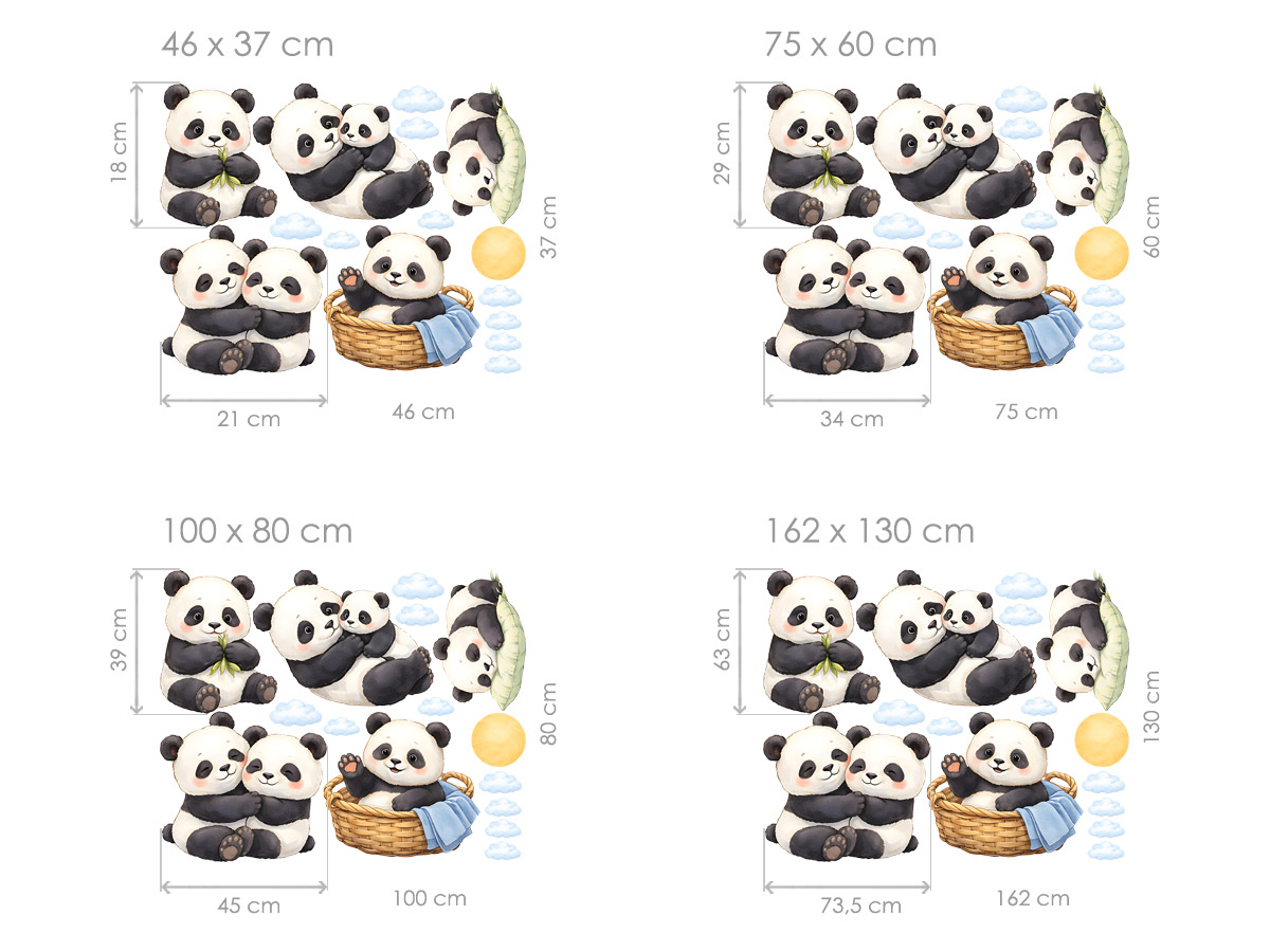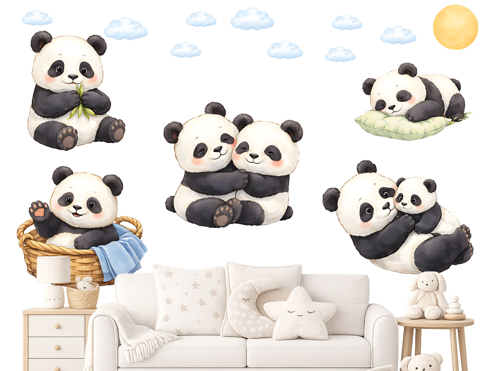 Samolepka na zeď Roztomilé pandy přináší do dětského pokoje něžnou a uklidňující atmosféru plnou lásky a pohody. Jemné akvarelové ilustrace pand působí velmi přátelsky a jsou ideální pro vytvoření klidného prostředí pro odpočinek i hraní. Pandy jsou zobrazeny v různých roztomilých situacích – při objímání, odpočinku i hraní, což dodává celé dekoraci živost a příběh. Jejich hebký vzhled a jemné pastelové odstíny krásně ladí s moderním dětským interiérem. Motiv doplňují drobné obláčky a sluníčko, které celé kompozici dodávají lehkost a harmonii. Jednotlivé prvky lze rozmístit podle vlastního prostoru a vytvořit si tak originální uspořádání na míru. Ideální dekorace pro všechny děti, které milují zvířátka a jemný, hřejivý design plný něhy.
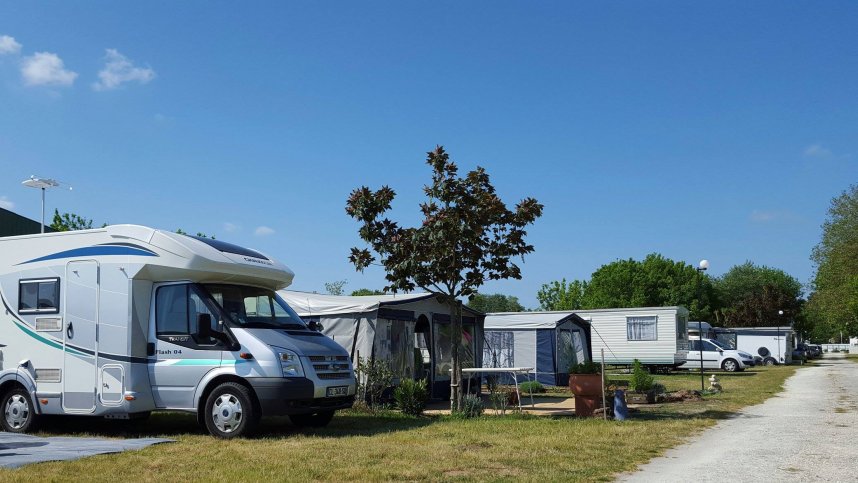 From La Palmyre take D141E1 to Les Mathes. At roundabout take D141E4 towards Marennes and site is on the right hand side 300 m. after the roundabout.
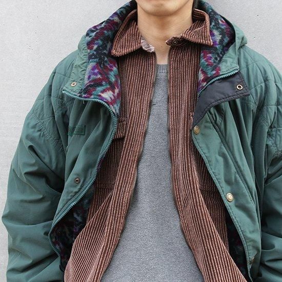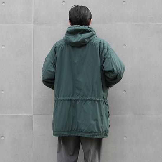 1995年製 コロンビアスポーツウェア/フリースラインドマウンテンパーカ 95年リリースのオールドコロンビアのマウンテンパーカ。 表はナイロンx裏フリースで袖と腰下に中綿入りの仕様はナイロンの撥水、防風性とフリースと中綿の軽量で高い保温性を一体にしたレイヤード入らずの1枚完結型ジャケット。 裏地のフリースの柄もコロンビアオリジナルで◎ 表地:ナイロン 裏地(腰上):ポリエステルフリース 裏地(腰下)・袖裏:ナイロン 中綿:ポリエステル フロントダブルジップ、フード・ウエスト・裾にドローコード、袖先ベルクロアジャスター 内ポケットx1、胸下にハノ字ジップポケット、腰にフラップ付き2口ポケット カラー:グリーン コンディション:ユーズド/特に目立つ様なダメージ無し 表記サイズ:表記無し/実寸XLサイズ 胸囲 148cm/背丈 89cm/ゆき丈 99cm 着用モデル身長:179cm その他のコロンビアのアイテムはこちらから
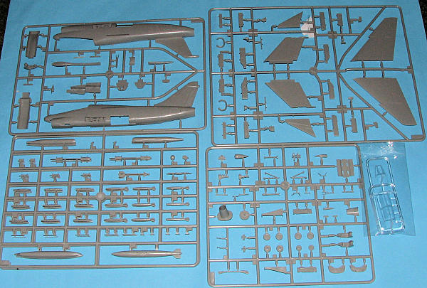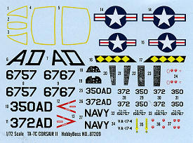 The subject of this kit is the two-seat trainer version for U.S. Navy, 24 converted from A-7B, 36 from A-7C. These were farmed out to the two A-7 training units, VA-122 for the west coast squadrons and VA-174 for east coast operators. In 1984, 49 airframes, including the 8 EA-7Ls, were re-engined with the TF41-A-402 and upgraded to A-7E standard.

■ ■ ■ ■ ■

### [GOAL OF THE EXERCISE]
Please restate the material above line by line, exactly, beginning at its first line and ending with the line that contains "1995年製 コロンビアスポーツウェア/フリースラインドマウンテンパーカ 95年リリースのオールドコロンビアのマウンテンパーカ。", without any pictures.

### [ANSWER SECTION]
 Samolepka na zeď Roztomilé pandy přináší do dětského pokoje něžnou a uklidňující atmosféru plnou lásky a pohody. Jemné akvarelové ilustrace pand působí velmi přátelsky a jsou ideální pro vytvoření klidného prostředí pro odpočinek i hraní. Pandy jsou zobrazeny v různých roztomilých situacích – při objímání, odpočinku i hraní, což dodává celé dekoraci živost a příběh. Jejich hebký vzhled a jemné pastelové odstíny krásně ladí s moderním dětským interiérem. Motiv doplňují drobné obláčky a sluníčko, které celé kompozici dodávají lehkost a harmonii. Jednotlivé prvky lze rozmístit podle vlastního prostoru a vytvořit si tak originální uspořádání na míru. Ideální dekorace pro všechny děti, které milují zvířátka a jemný, hřejivý design plný něhy.
 From La Palmyre take D141E1 to Les Mathes. At roundabout take D141E4 towards Marennes and site is on the right hand side 300 m. after the roundabout.
 1995年製 コロンビアスポーツウェア/フリースラインドマウンテンパーカ 95年リリースのオールドコロンビアのマウンテンパーカ。 表はナイロンx裏フリースで袖と腰下に中綿入りの仕様はナイロンの撥水、防風性とフリースと中綿の軽量で高い保温性を一体にしたレイヤード入らずの1枚完結型ジャケット。 裏地のフリースの柄もコロンビアオリジナルで◎ 表地:ナイロン 裏地(腰上):ポリエステルフリース 裏地(腰下)・袖裏:ナイロン 中綿:ポリエステル フロントダブルジップ、フード・ウエスト・裾にドローコード、袖先ベルクロアジャスター 内ポケットx1、胸下にハノ字ジップポケット、腰にフラップ付き2口ポケット カラー:グリーン コンディション:ユーズド/特に目立つ様なダメージ無し 表記サイズ:表記無し/実寸XLサイズ 胸囲 148cm/背丈 89cm/ゆき丈 99cm 着用モデル身長:179cm その他のコロンビアのアイテムはこちらから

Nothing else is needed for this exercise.